**WORK TASK**:
No pictures belong in the copy. Restate the rest of the data exactly.

**DATA BELOW**:

_ _ _ _

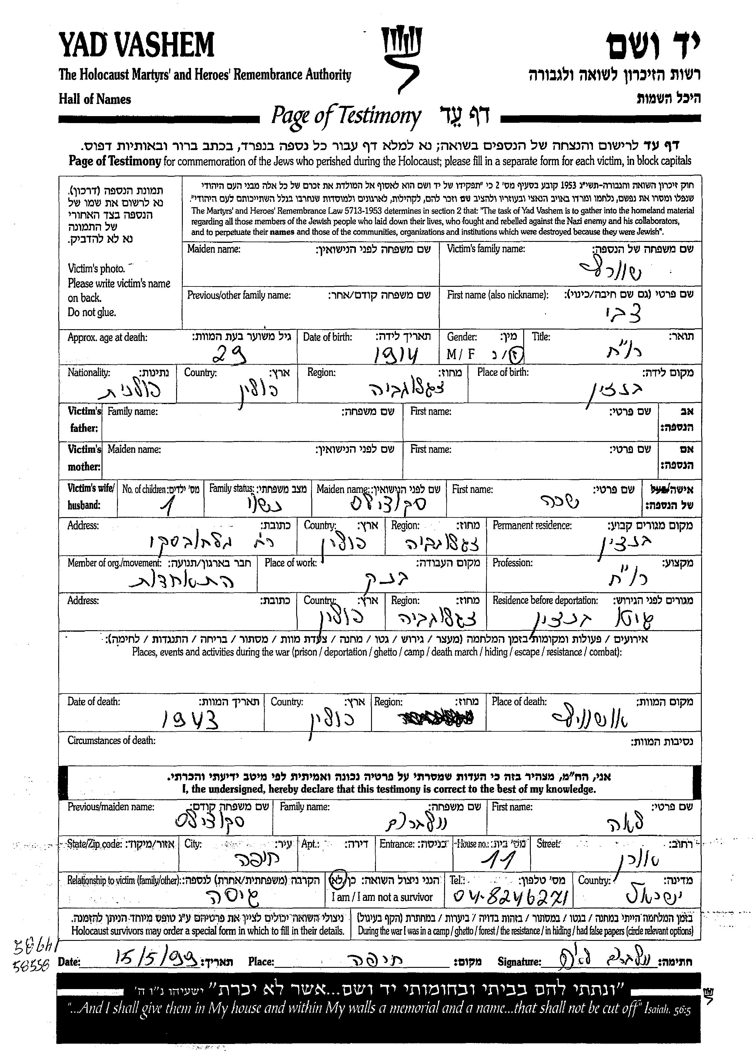 Tzvi wurde in der Schoah ermordet. Todesort: Auschwitz, Polen im Jahr 1943.
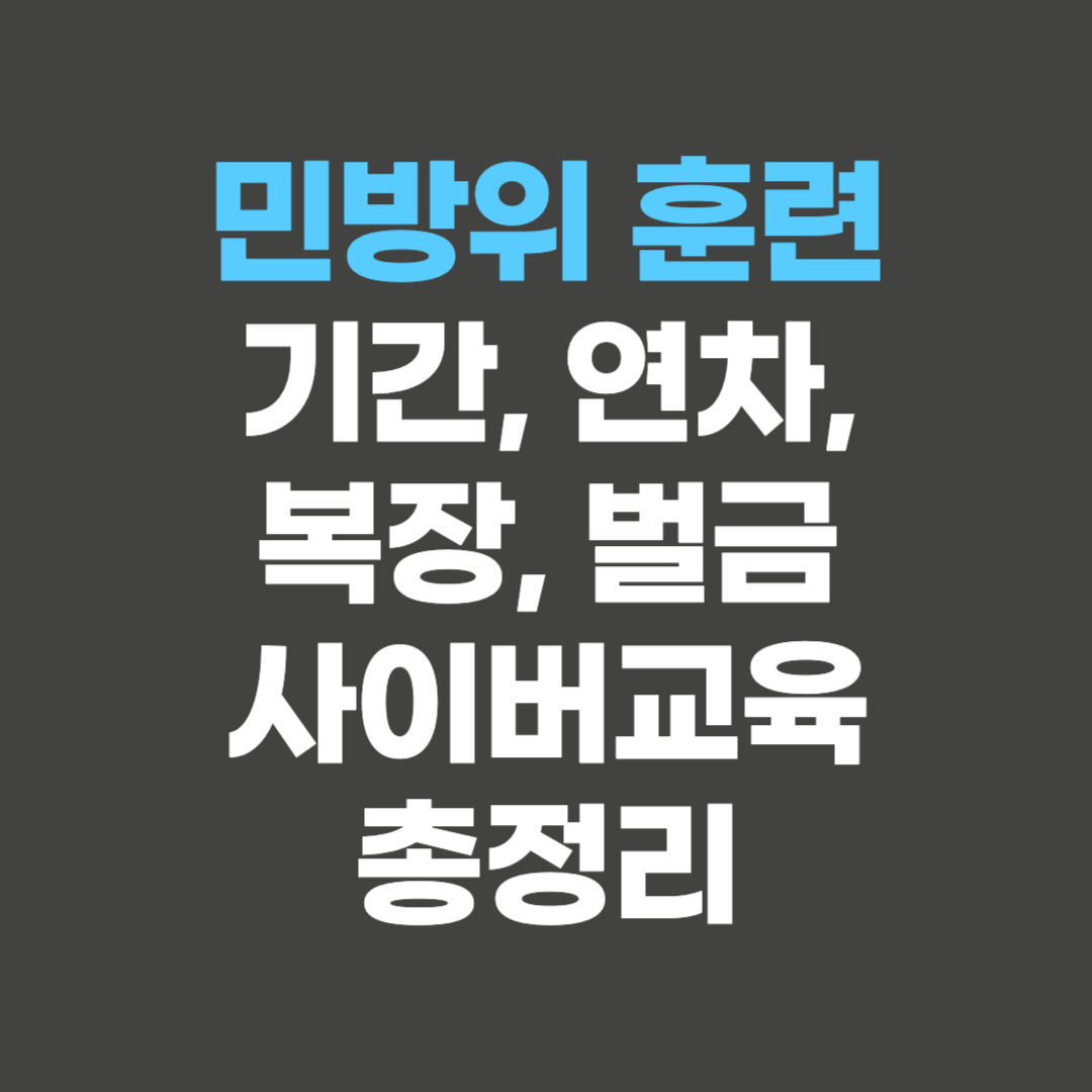 민방위는 전쟁, 재난 등의 비상사태에 대처하기 위해 조직된 것으로 시민들의 생명과재산을 보호하기 위해 구성된 조직입니다. 민방위는 국방부가 아닌 행정안전부에서 관리하고 있는데요. 만 20세부터 만 40세의 남성 중에서 민방위, 예비군이 끝난 남성이 민방위로 편성됩니다. 민방위 훈련, 기간, 연차, 복장, 사이버 교육, 불참시 벌금형 등에 대해 꼼꼼하게 확인해보시는것이 좋습니다.
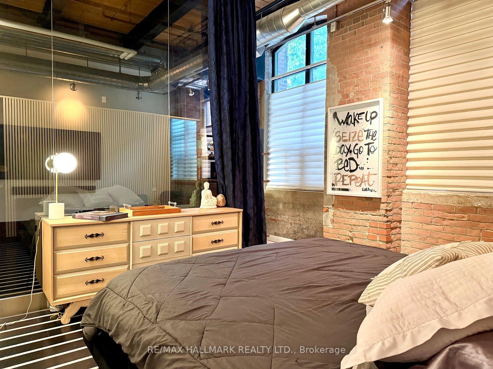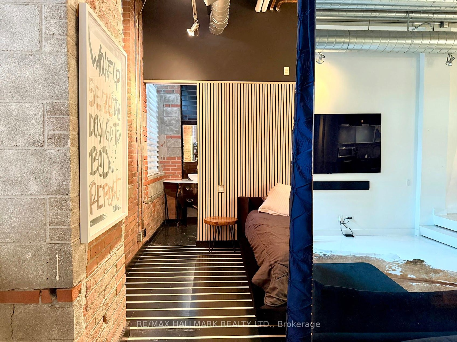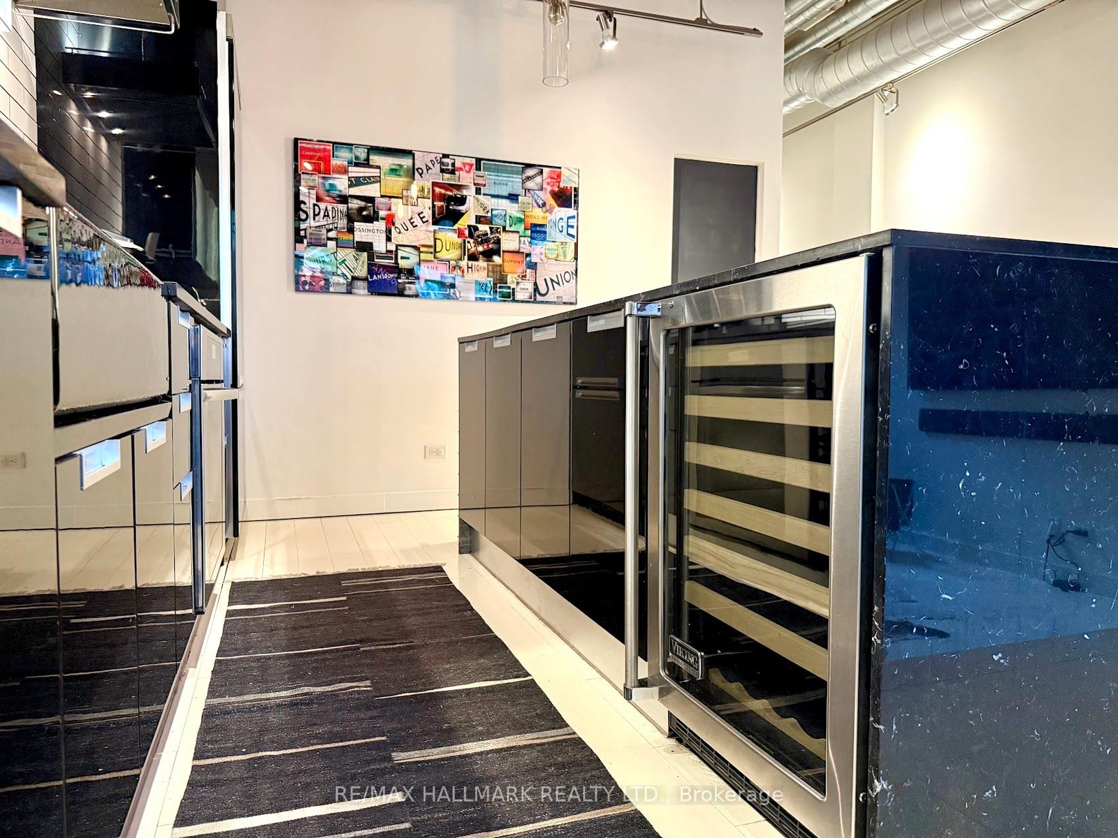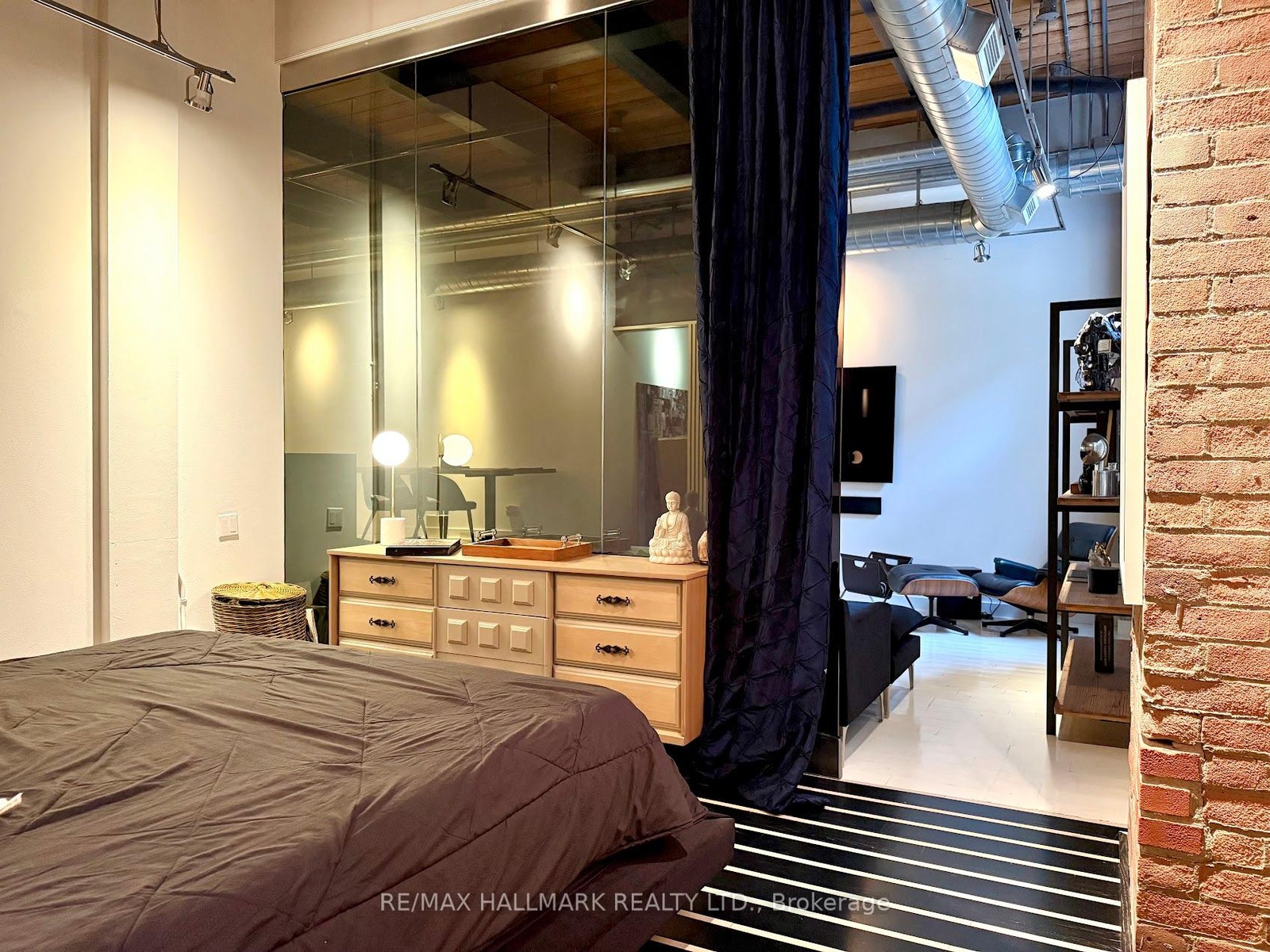 *Furnished* Welcome to Suite 126 at the Toy Factory Lofts. Originally the builder's model suite, this fully furnished hard loft captures true Liberty Village character with soaring 13-foot ceilings, exposed brick and beam, and west-facing arched windows that fill the space with light. The sleek Scavolini kitchen is equipped with top-tier Miele cooktop, oven, range, and dishwasher, a Viking fridge and wine fridge, and an LG washer and dryer. 77" LG 8K OLED and Sound Bar. Smart home features include Lutron lighting, a Nest thermostat, and Hunter Douglas automated blinds. The open-concept layout offers clear sightlines throughout-perfect for entertaining or relaxing in style. Complete with a premium parking spot and locker. Located in one of Toronto's most iconic loft conversions with 24-hour concierge, gym, rooftop terrace, and outdoor hot tub. Steps to Balzac's, Metro, and everything Liberty Village has to offer. *Furnished*

_ _ _ _

**OUTPUT OF THE TASK**:
 Tzvi wurde in der Schoah ermordet. Todesort: Auschwitz, Polen im Jahr 1943.
 민방위는 전쟁, 재난 등의 비상사태에 대처하기 위해 조직된 것으로 시민들의 생명과재산을 보호하기 위해 구성된 조직입니다. 민방위는 국방부가 아닌 행정안전부에서 관리하고 있는데요. 만 20세부터 만 40세의 남성 중에서 민방위, 예비군이 끝난 남성이 민방위로 편성됩니다. 민방위 훈련, 기간, 연차, 복장, 사이버 교육, 불참시 벌금형 등에 대해 꼼꼼하게 확인해보시는것이 좋습니다.
 *Furnished* Welcome to Suite 126 at the Toy Factory Lofts. Originally the builder's model suite, this fully furnished hard loft captures true Liberty Village character with soaring 13-foot ceilings, exposed brick and beam, and west-facing arched windows that fill the space with light. The sleek Scavolini kitchen is equipped with top-tier Miele cooktop, oven, range, and dishwasher, a Viking fridge and wine fridge, and an LG washer and dryer. 77" LG 8K OLED and Sound Bar. Smart home features include Lutron lighting, a Nest thermostat, and Hunter Douglas automated blinds. The open-concept layout offers clear sightlines throughout-perfect for entertaining or relaxing in style. Complete with a premium parking spot and locker. Located in one of Toronto's most iconic loft conversions with 24-hour concierge, gym, rooftop terrace, and outdoor hot tub. Steps to Balzac's, Metro, and everything Liberty Village has to offer. *Furnished*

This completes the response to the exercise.